Assignment —
In the data below, find the line with "قطع من الحجر." and output it along with every later line, exactly, but not the pictures.

━━ Given material ━━

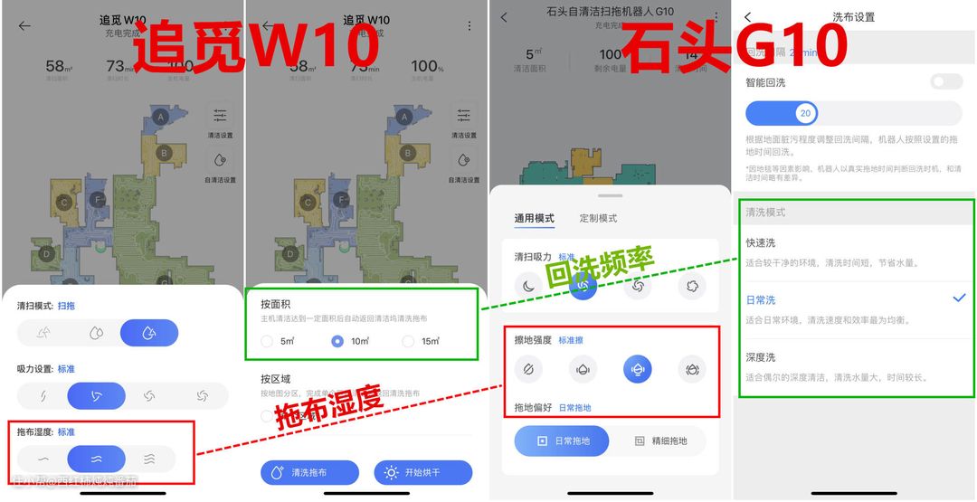 但看物理参数,追觅 W10的清水箱容量要略大于石头 G10。但由于两者拖布形式不同,工作时的耗水量也存在差异,因此水箱容量的大小并不能直接代表两者的续航能力差异。
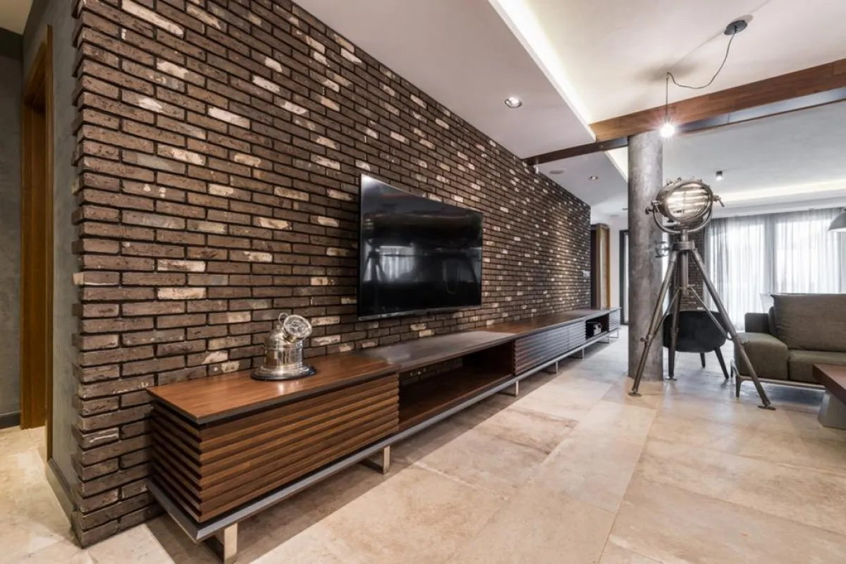| يمكن أن توضع شاشة التلفاز ضمن وحدة تخزين مزوّدة بلوح معدّ من الخشب أو الزجاج يخفي التلفاز عند عدم الحاجة إليه، ليتحوّل الجدار الى قطعة ديكور، أو أن تتكئ الشاشة إلى خزائن سفليّة، على أن تتوزّع على الجدار خلفها قطع من الحجر.
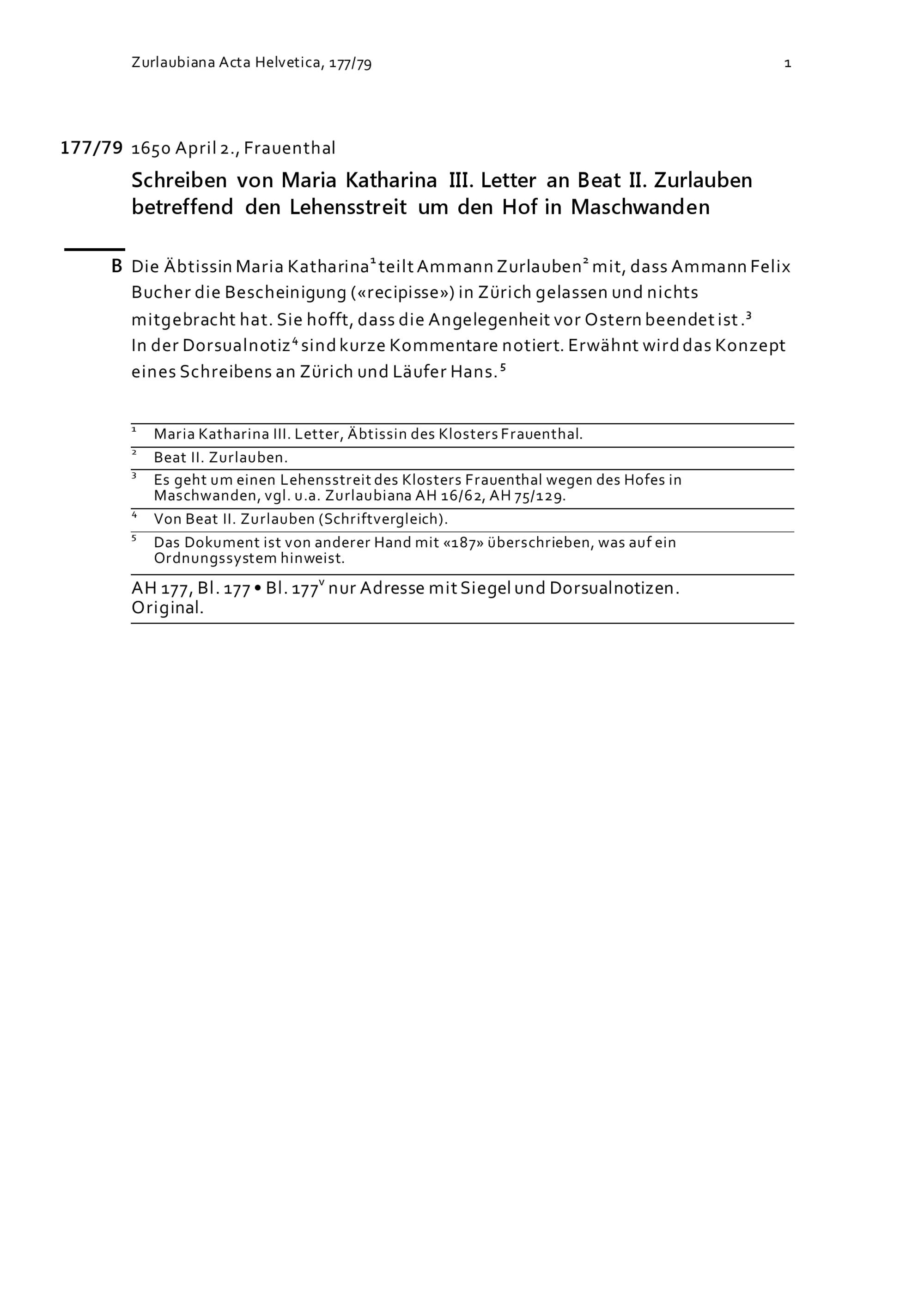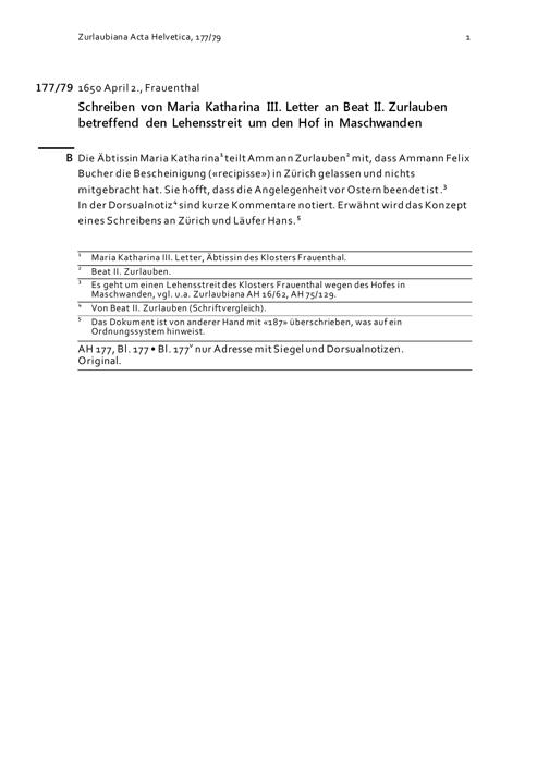 Schreiben von Maria Katharina III. Letter an Beat II. Zurlauben betreffend den Lehensstreit um den Hof in Maschwanden

━━━

Problem solution —
| يمكن أن توضع شاشة التلفاز ضمن وحدة تخزين مزوّدة بلوح معدّ من الخشب أو الزجاج يخفي التلفاز عند عدم الحاجة إليه، ليتحوّل الجدار الى قطعة ديكور، أو أن تتكئ الشاشة إلى خزائن سفليّة، على أن تتوزّع على الجدار خلفها قطع من الحجر.
 Schreiben von Maria Katharina III. Letter an Beat II. Zurlauben betreffend den Lehensstreit um den Hof in Maschwanden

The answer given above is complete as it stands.